Citron’s error capturing helps in addressing the above limitations in the following ways:
-
Based on synchronization points in the grammar, Citron can automatically figure out how to get to a stable state after an error, from where normal parsing can resume.
-
When an error is encountered, Citron can call into our error handling code with information about the context around the error.
Our error handling code then use that information to:
- report a meaningful error message
- build a partial parse tree
Concepts
Capturing an error
In Citron, error capturing can be turned on for specific non-terminals.
If an error occurs while an error-capturing non-terminal is being parsed, Citron will try to incorporate the error onto the semantic value of that non-terminal, thereby “capturing” the error.
To be able to incorporate an error, the semantic type of an error-capturing non-terminal should be modified to accomodate an error state.
Synchronization points
If an error occurs during parsing of a non-terminal, Citron can no longer use the grammar rules to figure out where the non-terminal ends.

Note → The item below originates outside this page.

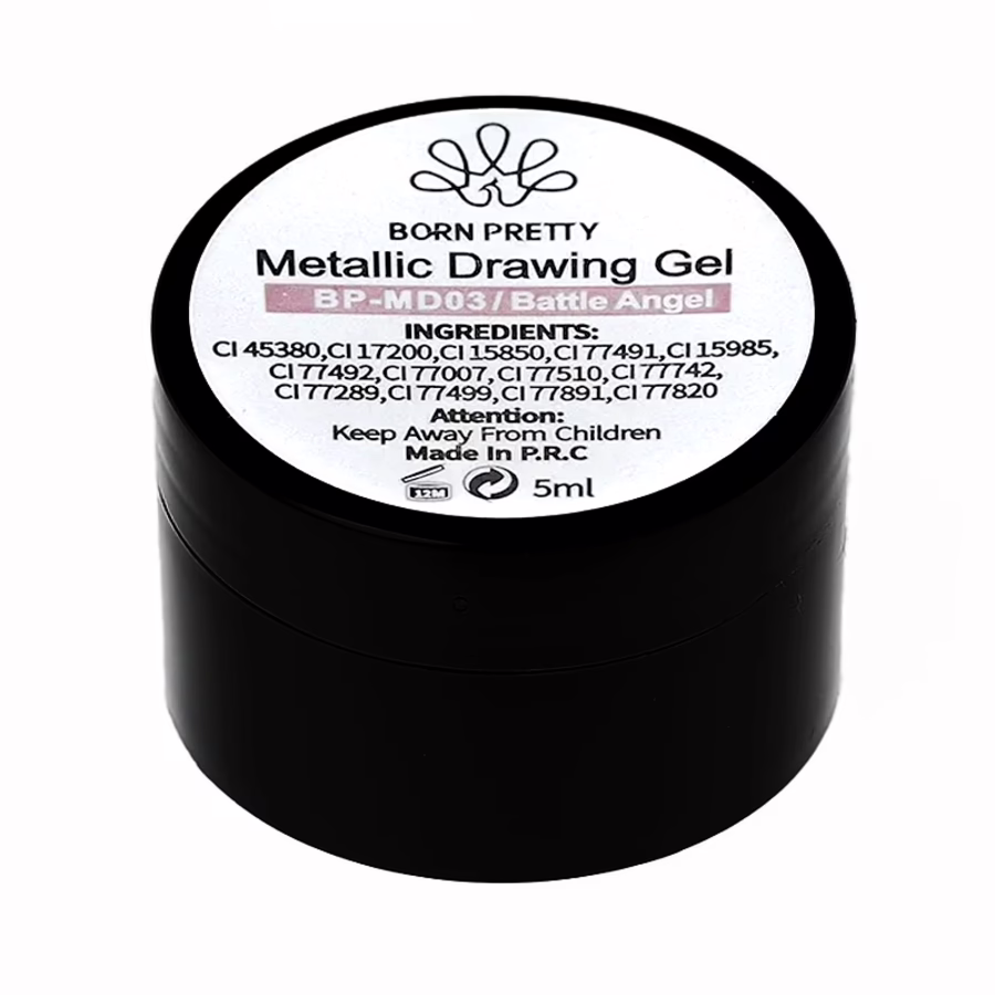De Metallic Drawing Gel Battle Angel van Born Pretty is daarop geen uitzondering: duizenden rosékleurige glitterdeeltjes geven de nagels warme elegantie en vrouwelijkheid en trekken gegarandeerd de aandacht naar de handen.

Instead, Citron uses the concept of synchronization points put forth by Joe Groff in his blog post on Constructing human-grade parsers:
Language grammars tend to have natural synchronization points, intentional or not, that unambiguously delimit (or at least have a high likelihood of delimiting) independent subcomponents. For instance, C always ends statements with semicolons, and it groups expressions in matching pairs of parentheses, square brackets, or curly braces. It also reserves keywords like “struct”, “if”, “while”, and so on that always introduce a new declaration or statement. Absent any more specific recovery, a good fallback strategy when a parse error is encountered is to scan ahead to one of these synchronization point tokens.
In Citron, when we turn on error capturing for a non-terminal, we also specify the synchronization points for that non-terminal. Synchronization points are specified as a set of tokens that can be used to locate the end of the non-terminal.

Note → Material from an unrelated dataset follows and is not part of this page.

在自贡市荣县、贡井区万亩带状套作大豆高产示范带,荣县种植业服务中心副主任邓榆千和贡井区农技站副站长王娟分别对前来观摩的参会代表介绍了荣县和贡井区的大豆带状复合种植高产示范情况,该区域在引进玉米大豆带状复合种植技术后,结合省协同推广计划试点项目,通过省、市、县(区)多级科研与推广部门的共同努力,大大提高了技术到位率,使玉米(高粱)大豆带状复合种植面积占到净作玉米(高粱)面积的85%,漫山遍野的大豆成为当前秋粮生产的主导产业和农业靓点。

Once a synchronizing token is found, the parser can unwind to the level of syntax the token indicates, filling in the incomplete tree underneath as best as possible. For instance, if a C parser encounters an error in the middle of an expression, it can start scanning, and if it finds a closing paren “)”, it can match that to the previous “(“ and complete the surrounding paren expression or argument list and continue parsing the expression grammar from there. Otherwise, if the parser finds a semicolon, it can complete the current partial statement and start parsing a new statement. If it finds a closing curly brace, it can match that to the previous opening brace, complete the compound statement, and start parsing a new statement or declaration afterward.
On finding a matching synchronization point, Citron automatically figures out the correct stack level to unwind to, and asks our code for the error-captured semantic value for that non-terminal. If in our code, we create and return that semantic value, Citron then actually unwinds the stack to the appropriate stable state, pushes the obtained semantic value onto the stack, and continues parsing.

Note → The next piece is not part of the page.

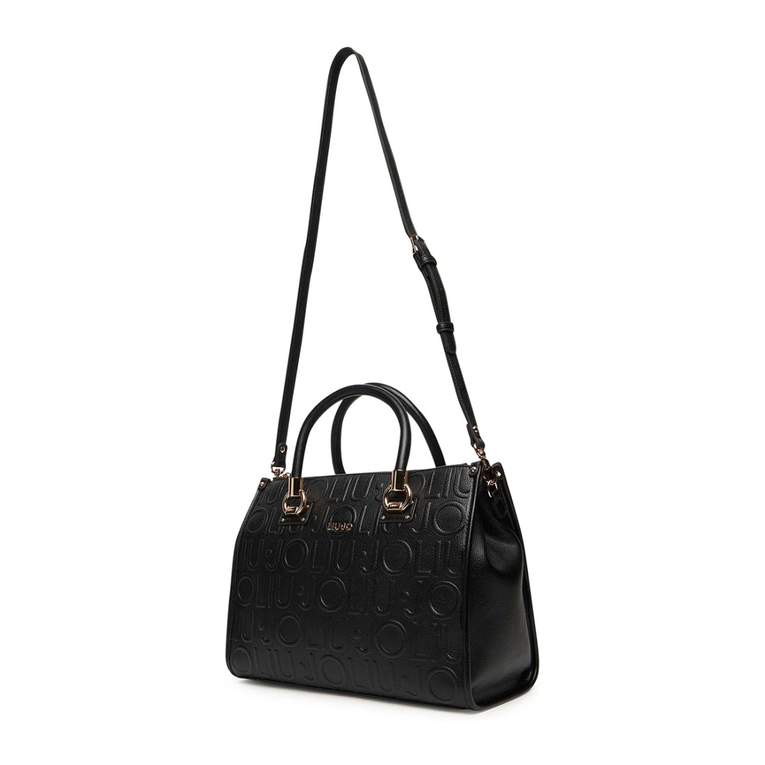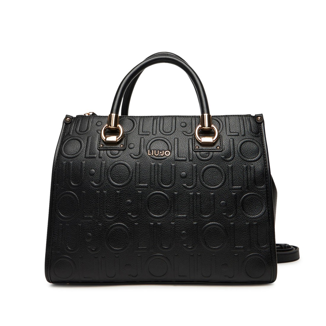 Elegant LIU JO black faux leather handbag with button effect print and all-over embossed logo. Features comfortable handles, adjustable and removable shoulder strap, two zippered compartments, inside pocket, metal feet and magnetic closure. Measures 34x15x25 cm, finished with metal logo and interior lining, ideal for a refined and versatile look.Our customer service is available Monday through Saturday from 10:00 AM to 7:30 PM

Our code can, at run time, also choose to not capture the error at that particular synchronization point, in which case Citron will try again at a subsequent synchronization point. For example, when trying to error capture on a parenthesized expression (like the condition of an “if” statement), we can choose to not capture errors on sub-expressions and capture errors only when the top-level close parenthesis is encountered.
Usage
To use error capturing in Citron, we should:
- Enable error capturing for specific non-terminals
- Specify the synchronization points for each of those non-terminals
- Make the the semantic type of these non-terminals support an error state
- Write code for handling errors
Each of these steps is explained in detail below.
1. Enable error capturing
We use %capture_errors directives in a Citron grammar file to enable error capturing for a non-terminal.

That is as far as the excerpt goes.